### What to do
Give the lines again exactly as they appear below, from the line with "Vintage Plastic U.S.A.F" to the line with "Une commode est", both included, and only those lines. Leave every picture out.

--- Excerpted data Enclosed Below ---

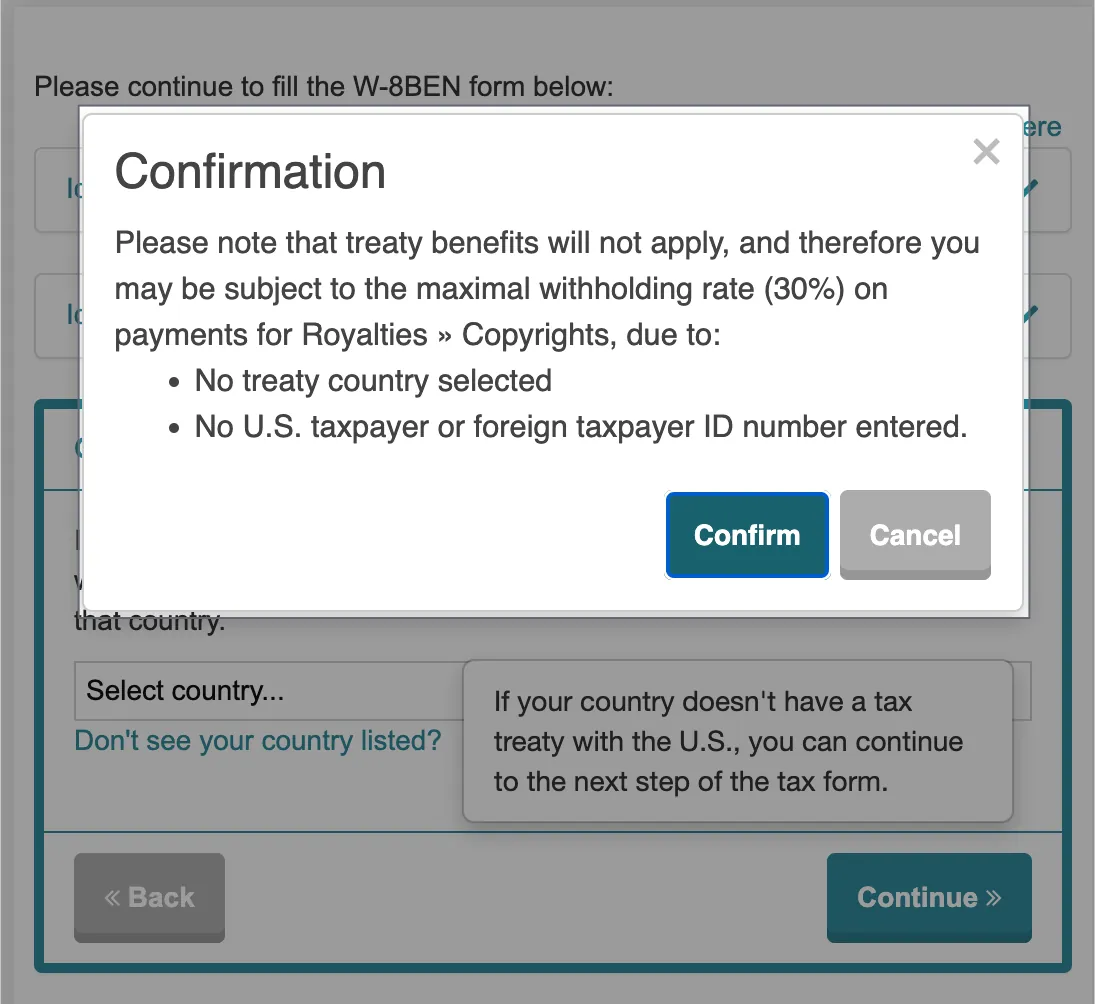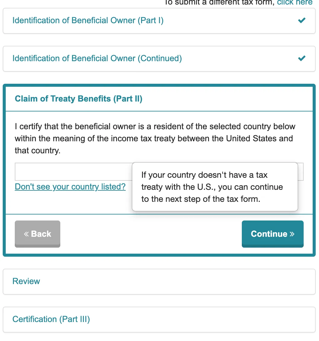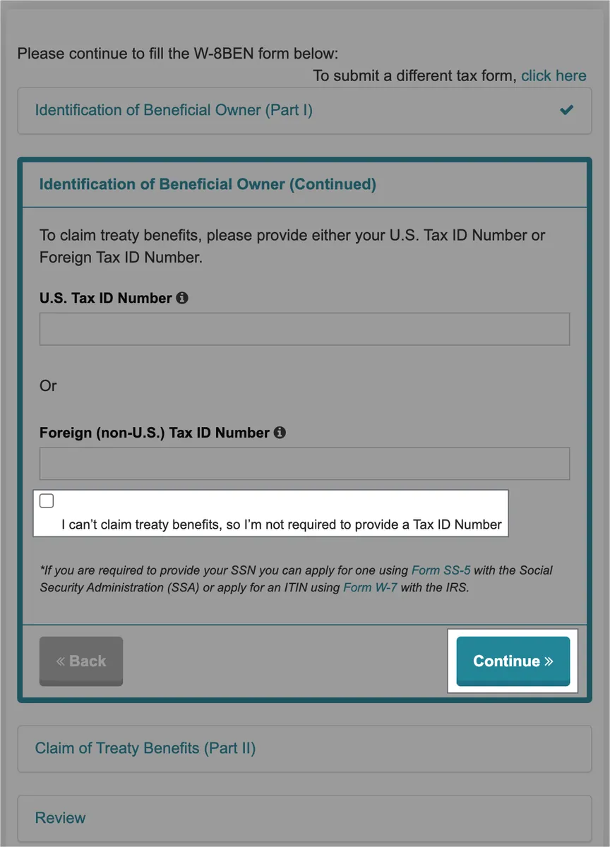 这一步直接勾选「I can’t claim treaty benefits, so I’m not required to provide a Tax ID Number」点击「Continue」
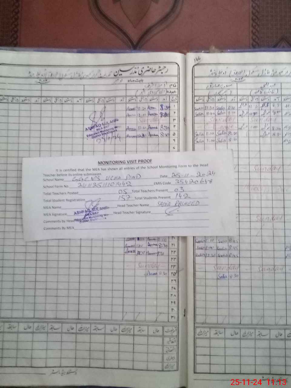 | Attendance Register | Head Teacher | MEA with School | Visit Proof |
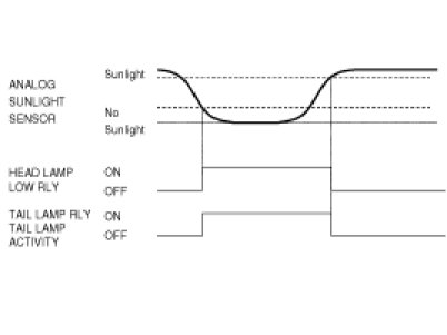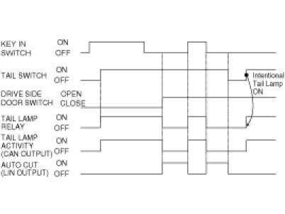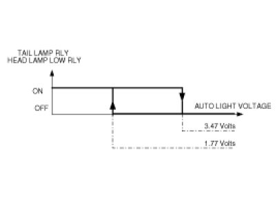 In the state of IGN1 ON and IGN2 ON, when MULTI FUNCTION switch module detects AUTO LIGHT switch ON, TAIL LAMP RELAY output and HEAD LAMP LOW RELAY output are controlled according to AUTO LIGHT Sensor's INPUT. In the state of IGN1 ON, when MULTI FUNCTION switch module detects AUTO LIGHT switch ON, TAIL LAMP RELAY output is controlled according to AUTO LIGHT Sensor's INPUT.
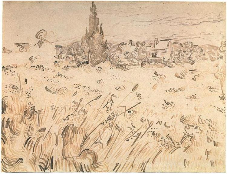 Nous vous proposons une reproduction artisanale sur toile du célèbre tableau 'Champ de blé avec des cyprès' de Vincent van Gogh, provenant du Musée de la Reproduction.
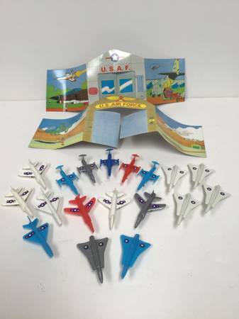 Vintage Plastic U.S.A.F Toy Airplanes w/ Cardboard Hanger Scenery
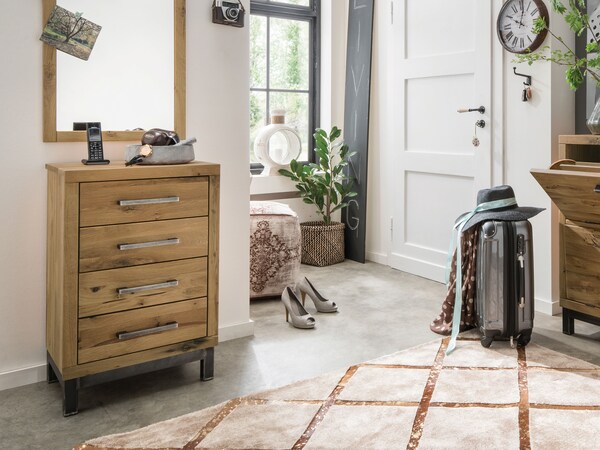 Une commode est presque indispensable dans une chambre à coucher. Elle offre beaucoup d'espace pour ranger proprement le linge, les chemises, les vêtements de nuit ou les accessoires. La disposition claire des tiroirs permet d'avoir chaque vêtement à portée de main. Grâce à sa polyvalence, une commode en bois massif ne trouve pas seulement sa place dans la chambre à coucher. Dans le couloir, la chambre d'amis ou le salon, elle est également très pratique pour ranger et offre en même temps une surface de rangement décorative pour vos objets préférés. Le large choix de designs chez allnatura, du classique au moderne, vous permet de trouver facilement la commode qui convient à votre intérieur.
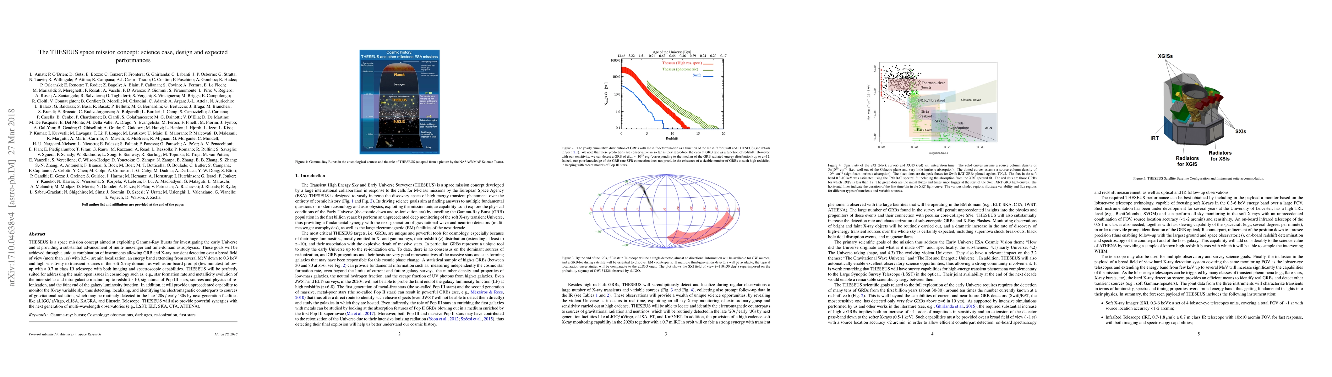 THESEUS is a proposed space mission designed to study Gamma-Ray Bursts and advance multi-messenger astrophysics, featuring a broad field of view, high sensitivity to transient X-ray sources, and on-board IR follow-up. It aims to address key cosmological questions and enhance monitoring of the X-ray variable sky.
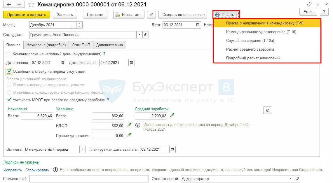 После заполнения данных и утверждения документа руководителем, необходимо сгенерировать печатные формы и отчеты для использования во время командировки:
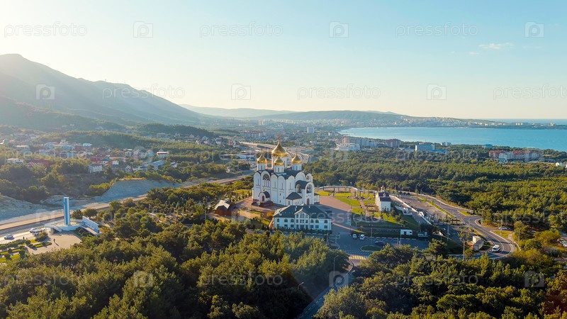 Геленджик, Россия. Собор Андрея Первозванного. Текст при въезде в город переводится как Геленжик-городской курорт, вид с воздуха
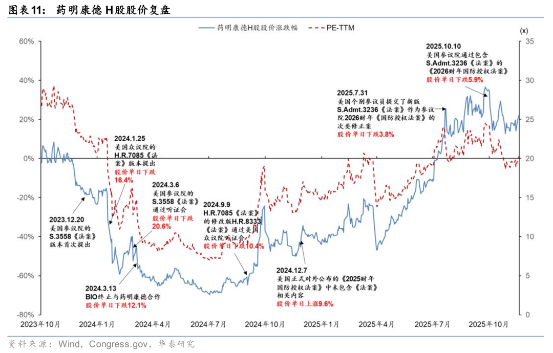 4)法案2.0版本审议阶段:2025年7月31日,美国个别参议员提交了新版S.Admt.3236《法案》作为参议院2026财年《国防授权法案》的次要修正案;而后,美国参议院于2025年10月10日通过该版本NDAA。与2024年版本相比,新版《法案》未提及具体公司(改为参考美国国防部的“1260H清单”及《法案》生效后一年内公布的“特定生物技术公司实体名单”,但被纳入实体名单的公司拥有90天申诉期),后续名单中的相关公司将被立即禁止与美国联邦机构及其业务伙伴展开合作,但对于既往已经签署的合同则拥有长达5年的豁免期。截至目前,包含新版《法案》内容的2026财年NDAA进入参众两院最后的审议阶段。受此影响,CXO板块估值于关键事件对应节点后有所回调,但幅度相较2024年相关事件影响已明显收窄。
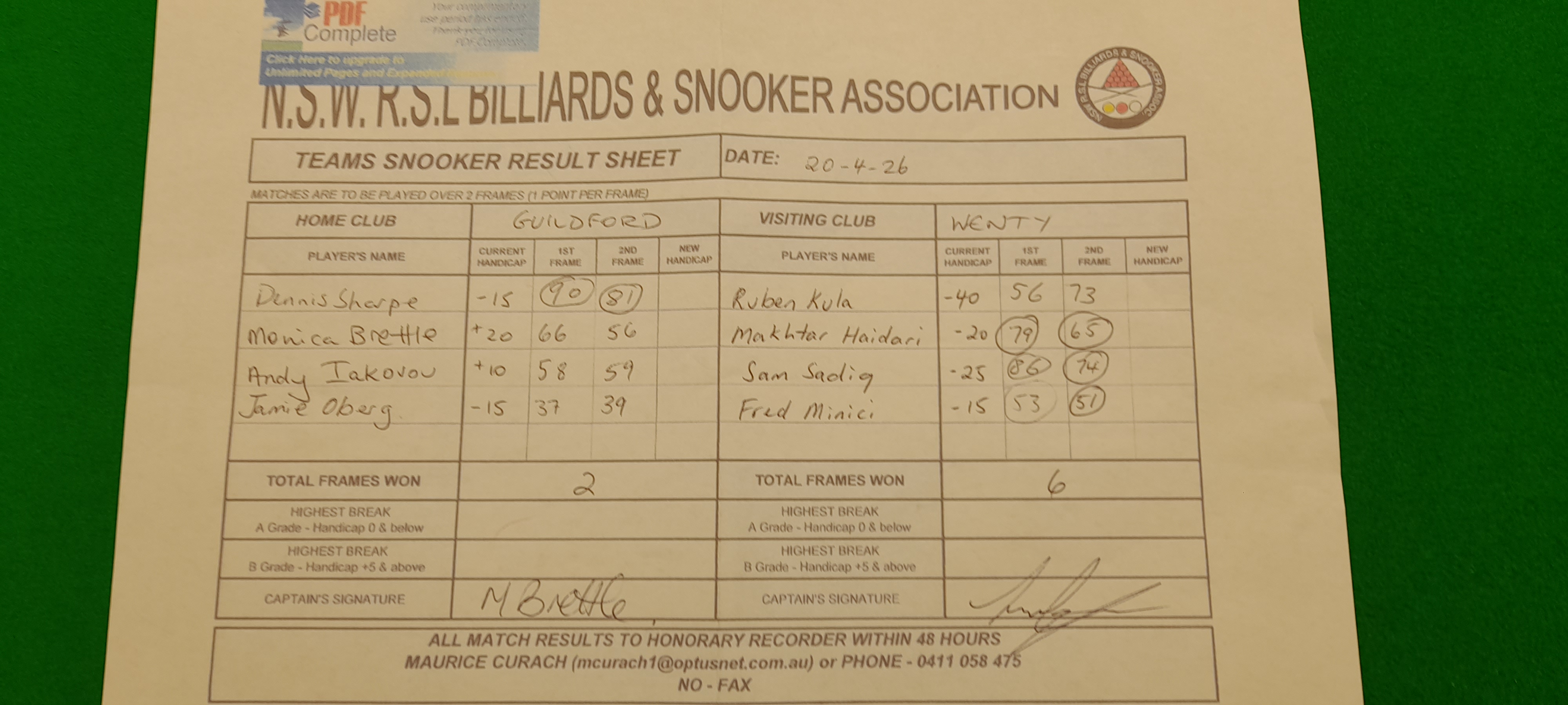 | Monica Brettle (20) | Makhtar Haidari (-20) | 2026-04-21 12:37:54 | Guildford #2 | ||||||||||||||
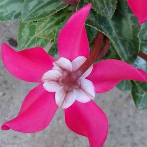 🍃♥️シクラメンジックス♥️🍃 花弁と萼のコントラストが可愛らしい💓 上から見ると萼の素敵さがわかります🎵 昨年初めて🔰知ったシクラメン''👀'' 園芸店で見つけて即お迎えしました⤴️ 大事に🥀育てまず💓💓💓 夏越ししたシクラメンが4つほどありますがまだ葉っぱだけです🌱 こちらも花が咲くのを楽しみにしています。picには、写っていません😅
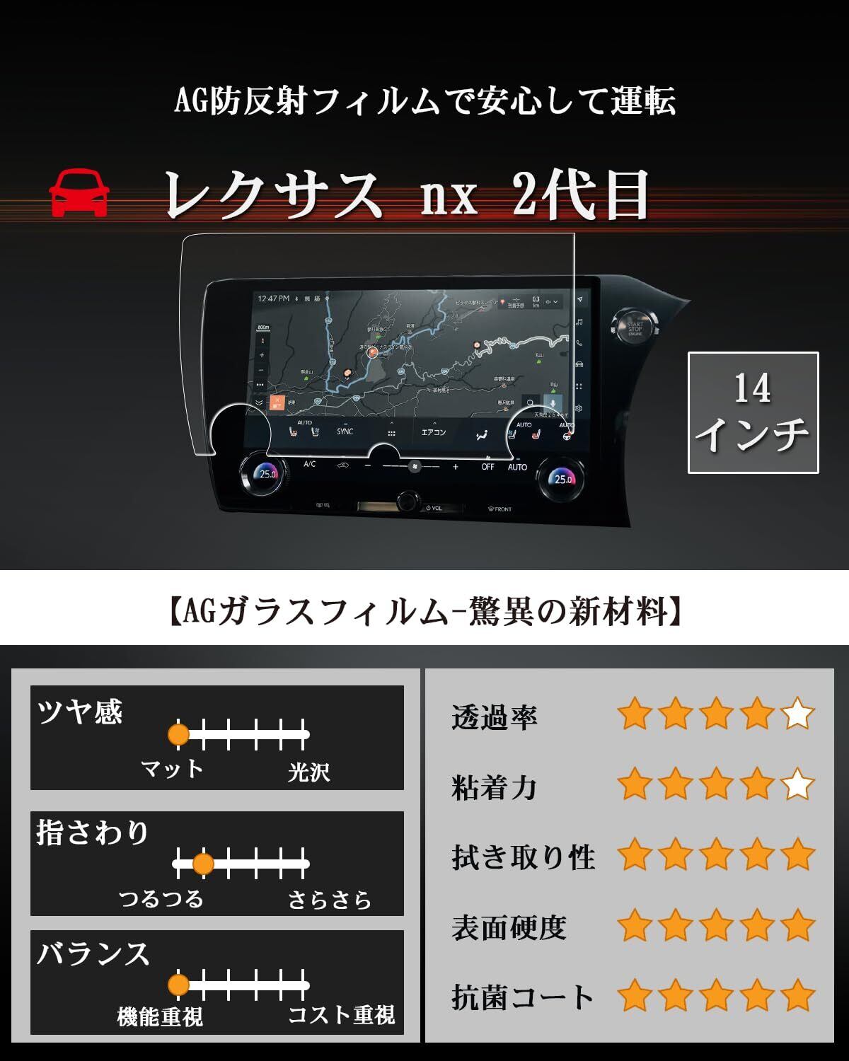 【AGガラスフィルム アンチグレア マット タイプ】ASZSK レクサスnx ナビ 保護フィルム 14インチ レクサスnx 20系 AG強化ガラス フィルム NX250 NX350 NX450H+ 専用 カーナビ アンチグレアフィルム 夜間運転 マット 指紋減少 非光沢 キズ防止 汚れ防止 9H 強化ガラス 貼付簡単 気泡ゼロ 防塵設計 自己吸着タイプ Lexus NX 適応

--- End of Enclosed Excerpted data ---

### Task result
 Vintage Plastic U.S.A.F Toy Airplanes w/ Cardboard Hanger Scenery
 Une commode est presque indispensable dans une chambre à coucher. Elle offre beaucoup d'espace pour ranger proprement le linge, les chemises, les vêtements de nuit ou les accessoires. La disposition claire des tiroirs permet d'avoir chaque vêtement à portée de main. Grâce à sa polyvalence, une commode en bois massif ne trouve pas seulement sa place dans la chambre à coucher. Dans le couloir, la chambre d'amis ou le salon, elle est également très pratique pour ranger et offre en même temps une surface de rangement décorative pour vos objets préférés. Le large choix de designs chez allnatura, du classique au moderne, vous permet de trouver facilement la commode qui convient à votre intérieur.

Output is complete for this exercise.